The BTS West show is just one element in Surf Expo’s push to own the b-t-s business nationwide. A year ago, the organizers acquired b-t-s trade shows in Ocean City, Md., and Wilmington, N.C. The spokesman said BTS West will return to the Anaheim Convention Center in March 2003 and 2004. A convention center staffer said the dates are held, but not confirmed. Surf Expo cancelled its Melbourne, Fla., b-t-s show this year.
While the b-t-s market remains divided, vendors presented a unified vision of fall. Departing from the bucolic sexiness of summer’s peasant looks, fall will be mellow and boyishly sexy.
Worn, low-slung cords, skinny striped pants and bulky sherpa-lined jackets were done in a color palette of gray-blue, tan, brown and burgundy. Think “Love Story” with a twist — what Ryan O’Neal wore, but cut to fit Ali MacGraw’s petite frame.
School gym sweatshirts inspired a variety of looks, from Rusty’s heathered sweater with hand-pouch to Roxy’s khaki bomber jacket with stretchy knit cuffs and waistband.
Several retailers cited fur or sherpa-lined jackets as important.
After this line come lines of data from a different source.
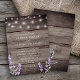 Invitation de mariage avec impression de bois rustique, lavande et lumières de chaîne blanches avec code QR au dos pour RSVP.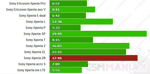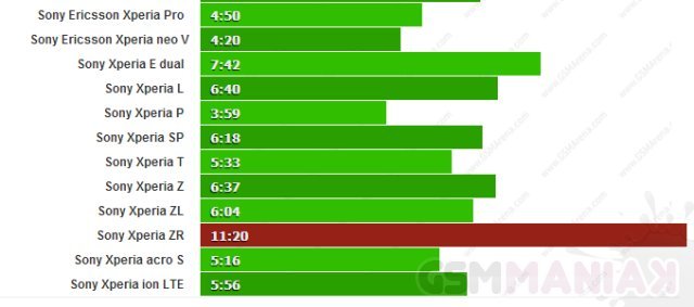 Jak widać na powyższych obrazkach, czas pracy baterii w Xperii ZR jest w większości przypadków dużo lepszy od innych telefonów japońskiego producenta. Podczas rozmowy przegrywa tylko z Xperią SP, ale za to jest lepsza od Xperii Z o prawie 2 godziny. W przeglądaniu internetu bije o prawie 5 godzin 5 calowego flagowca oraz o 2 godziny podczas oglądania filmów. Jest to oczywiście spowodowane mniejszym ekranem (4,6 cala), który ma rozdzielczość tylko 720p. Oprócz tego oferuje on prawie takie same wrażenie jest Xperia Z, ponieważ z nim również możemy popływać, a dodatkowo bateria jest wymienna.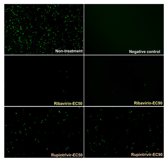 The previous results showed that pCAGGS_T7 and pCAGGS_P3 could function in trans on the pKLS3 minigenome to drive transcription of the GFP gene. We then examined the application of this minigenome for antiviral drug screening. Ribavirin is a synthetic purine nucleoside (guanosine) analog with a broad-spectrum antiviral activity. It is effective against a large panel of RNA viruses, including picornaviruses, such as poliovirus, FMDV, and enterovirus 71. Inhibition of viral infection occurs through a direct interaction between RdRp and ribavirin-5′-triphosphate. The misincorporation of ribavirin into the viral genome results in increased viral mutation rates, leading to the extinction of the virus population [39]. In this study, the effect of ribavirin to inhibit the function of RdRp in the pKLS3 minigenome system was determined. In addition, we also investigated whether a non-RdRp inhibitor, rupintrivir, would influence our pKLS3_GFP minigenome system. Rupintrivir is a synthetic compound targeting the 3Cpro of picornaviruses, such as enterovirus 71 and human rhinovirus [40]. BHK-21 cells transfected with pKLS3_GFP, pCAGGS_T7, and pCAGGS_P3 were treated with either low (EC50) or high (EC90) doses of either ribavirin or rupintrivir. The cytotoxic effect of the tested antiviral compounds on BHK-21 cells was also determined, and the 50% cytotoxicity concentration (CC50) of ribavirin and rupintrivir were higher than 500 µM [35]. Thus, the drug concentrations used in this study had no impact on cell viability.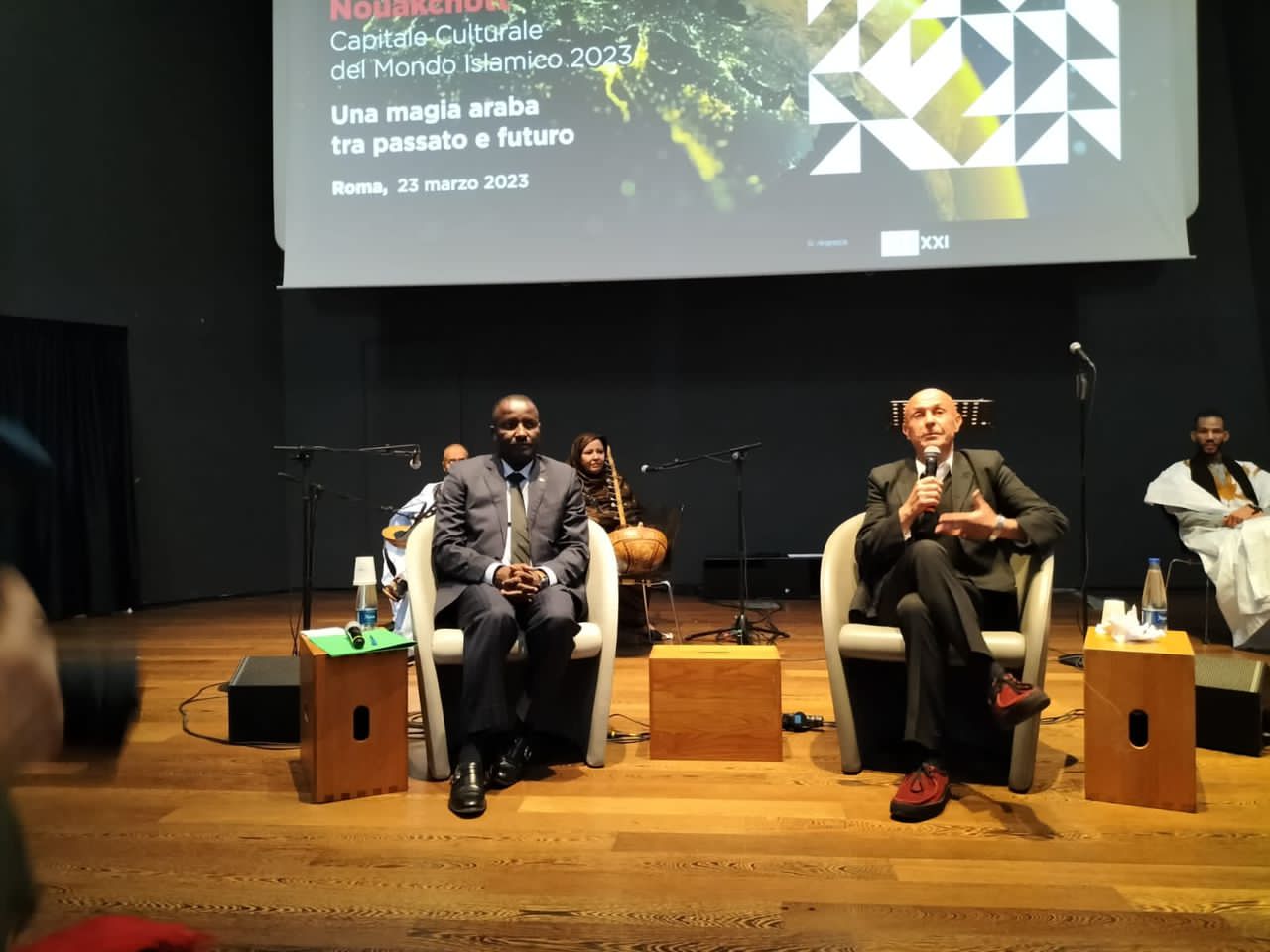 خطاب معالي وزير الثقافة والشباب والرياضة والعلاقات مع البرلمان بمناسبة ضمن مبادرة “نواكشوط العاصمة الثقافية للعالم الإسلامي 2023.. سحر عربي بين الماضي والمستقبل” والذي نظمته مؤسسة ميد أور في متحف ماكسي بروما بالتعاون مع وزارة الثقافة الموريتانية والسفارة الموريتانية في إيطاليا.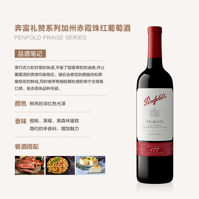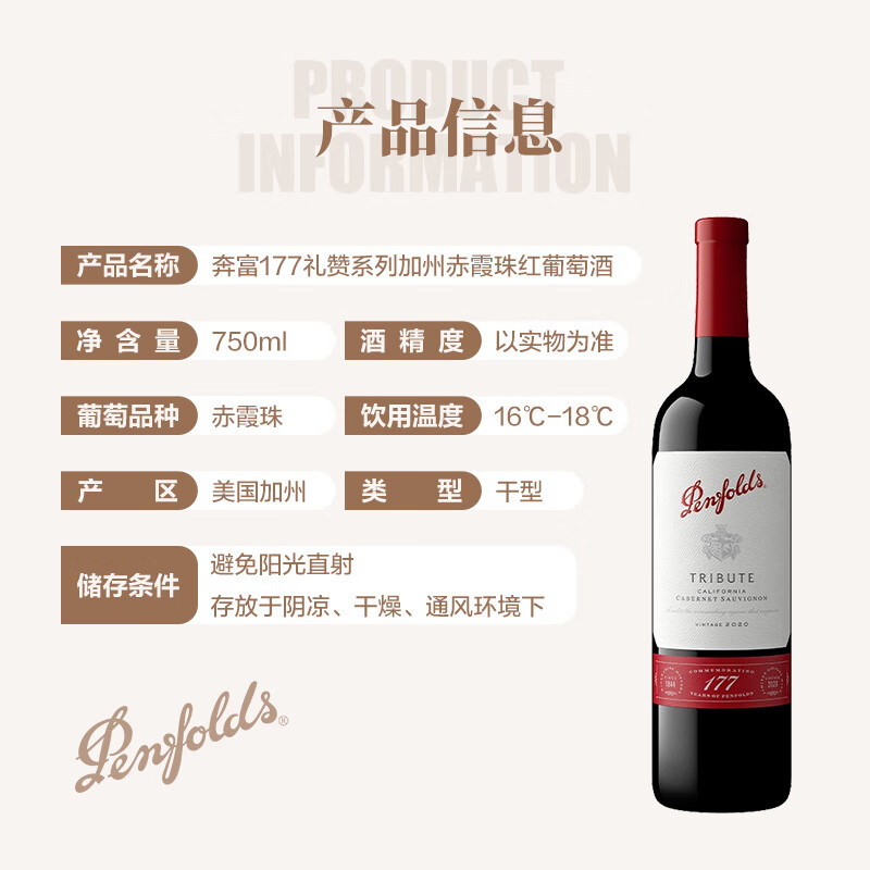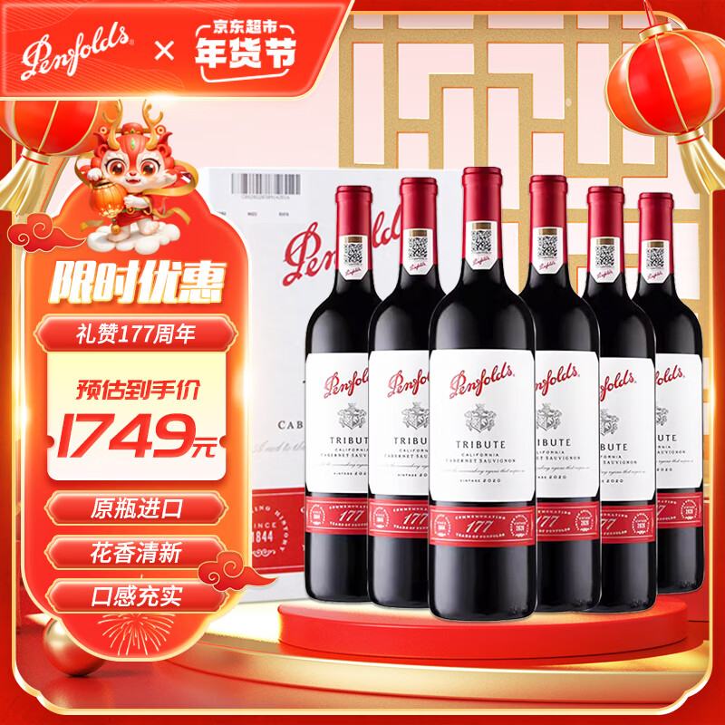 奔富(Penfolds)礼赞系列177周年限量款加州赤霞珠红葡萄酒 750ml*6 整箱装价格:1749.00元!

Linda Stegman, buyer for Rip Curl Surf Center in San Clemente, Calif., described Rusty’s $56 wholesale suede-and-sherpa coat as the “number one jacket on our floor. We usually sell out the same day it gets in.”
Carol Maradian, owner of World Core Surf with units in La Jolla and San Clemente, praised Paul Frank for kicking its brand into high gear.
“All of a sudden, they have a new following. I can’t keep it in stock,” she said, adding that surf-themed accessories like bedding, lamps and candles are doing well.
Ezekiel and Element, dabbling in juniors for a couple of years, offered a more cohesive vision for girls this time around.
Ezekiel hired Dawls designer Ryan Rush to relaunch its junior line, Ezekiel Girls. Rush, who split from his backer, Brand Lab, continues to design Dawls as well. He said Ezekiel Girls targets an “older teen with cleaner, more sophisticated colors.”
Ezekiel Girls included velour hoodies with western yoke seaming, slim-cut bomber jackets and ruffled denim pouch bags. Ezekiel cofounder Royce Cansler projected the line will do $2 million in its first year.
Acquired by Billabong last July, skateboard company Element showed tiny thermal tops and low-slung stretch denim. The combination of guys’ graphics on girls’ fashion silhouettes has been a powerful combination, said executive vice president Mark Tinkess.
“Several of our major accounts have gone right to a guy’s T and specifically requested us to size the graphic down and put it on a girl’s body,” Tinkess said. “It has happened on a half-dozen occasions in the last six weeks.” Several vendors said ultra-girly graphics like butterflies and rainbows have started to wane.
The Irvine, Calif.-based company has a “real opportunity to create the urban side of skate,” Tinkess continued. “She doesn’t want flowers, because it’s not sunny all the time. At the same time, we’re not flames and skulls and all dark.”